HR trends affect everyone both inside and outside of work. Because people either want to improve their own career path or recruit those that can do it for them. During the past twelve months a lot has happened and a lot has changed in the HR world. So let’s take our collective heads out of the day-by-day HR sand to gaze into the distance at some of the likely HR trends coming down the road for 2019. The twists and turns of the Trump administration have given HR managers great pause to think things over. The ongoing crisis of Brexit has roiled markets and left many companies of long standing wondering how much longer they can stave off further downsizing and consolidation. Northern Ireland is still a conundrum that keeps the European Union up at night. The list of this past year’s controversies and policy decisions that affect the HR climate for next year is long and complicated. So what is there to look forward to and plan for in 2019?
Continuing pay gap flaps
In the United Kingdom the recent Gender Pay Gap White Paper highlighted the continuing pay inequalities between the sexes. Female representation at boardroom and senior management level remains shockingly low. And pay equality is still so lopsided that the World Forum on Economics recently reporters that it would require over two hundred years to fully close the gap worldwide. HR managers realize that this problem is not going away in 2019 and will need to be dealt with forcefully and diplomatically if further and stricter government oversight is to be avoided.

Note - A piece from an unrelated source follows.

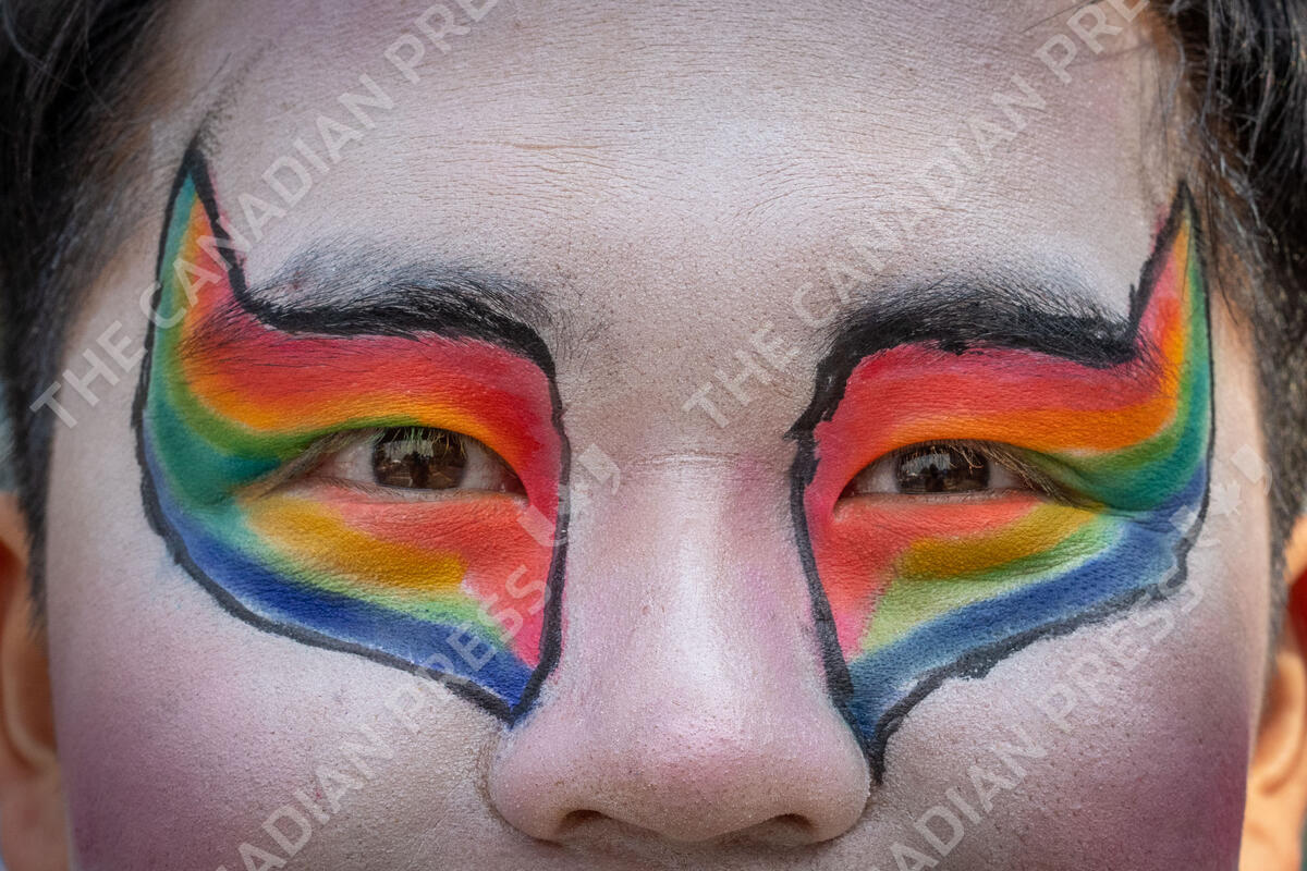A person's eye makeup is done with rainbows during the Pride Parade at English Bay in Vancouver, B.C., Sunday, Aug. 6, 2023. THE CANADIAN PRESS/Ethan Cairns

#MeToo grows in strength and influence
This leads directly to the #MeToo women’s movement to stamp out sexual abuse and harassment in the workplace. As the glaring headlines all this year have made painfully and shamefully clear, men in positions of power and authority, as well as their underlings and spin doctors, have been objectifying women in the office, factory, and all other workplaces in a terrible manner — and usually with complete immunity. Companies from CBS to Google have been guilty of hiding their male employees’ indiscretions and criminal activities from federal agencies and law enforcement officials — and have done little or nothing to protect and reaffirm a woman’s right to report sexual abuse in the workplace and get a fair and impartial hearing.
But that all is changing fast, thanks in large part to the #MeToo movement. Today, and most certainly long into the future, HR departments everywhere are going to be scrambling to make up for past ignorance and/or suppression. The major sensitivity training taking place in companies like Starbucks, which closed all its shops for one full day to do in-house sensitivity training, is going to increase in scope and complexity. HR managers and their staff have to face up to the fact that 2019 is the year when inequality and abuse in the workplace has finally become not just a liability not to be tolerated, but a criminal offense that can lead to serious jail time for offenders — and huge fines for the companies that shield the perpetrators, whether intentionally or not.
“Along with that is the challenge facing HR departments of increased and much more detailed monitoring of employee behaviors at work, and even out in the parking lot and company campus,” says Makai HR. Every interaction an employee has with a company computer is now tracked and analyzed by algorithms to red flag inappropriate communications and security breaches. Tiny video cameras, no bigger than a marble, are routinely placed everywhere at work — except in bathrooms. This leads to an avalanche of raw data and video that HR staff are obligated to run through and judge when to act on something flagged. Even personal communication devices like smartphones that employees bring to work can now be compromised by hightech bugging devices — and the law is still a bit gray and indecisive on just how legal and necessary that kind of monitoring is in the workplace.
The nondisclosure agreement
Standard policy in many businesses for decades past, the nondisclosure agreement between employer and employee is a basic protection for patented technology and intellectual property. 2019 will see an enormous increase in the use of these agreements in every type of industry and business, from fast food franchises to accounting firms to the factory floor of a tool and die business. This is, in part, a knee jerk reaction to the increasing threat of in-house hacking — which takes an enormous amount of policing to be effective in even a mid-size company. HR managers are charged with keeping this documents up to date and legally enforceable.
Yet at the same time there is a growing legal challenge to the validity of nondisclosure agreements. Circuit courts up and down the United States are carefully weighing the viability of contracts that, some lawyers claim, has become a violation of civil rights for certain classes of employees. This is being decided in a state by state pattern right now — so HR managers have to be sure to keep up with what their state(s) are ruling in their local courts of law. And there’s no guarantee that the federal government will not step in at any moment with a broad and sweeping mandate of its own to try and settle the issue. This could take HR departments by surprise, rendering their current agreements null and void.
The gig economy continues to grow
Also known as ‘atypical working’ in the UK, the gig economy is looming as the major game changer for HR in 2019. People simply don’t want to work the traditional 9 to 5 anymore — they feel it’s too constricting. So the gig economy lets workers choose their own hours and how many they are willing to work each week. For HR managers this means the challenge of staffing offices, warehouses, and factories full-time is going to increase tremendously in 2019. The smart HR manager has already got a strategy approved and in place for this coming challenge — whether it be increased base wages and tweaking the benefits package to suit the individual needs of each full-time employee.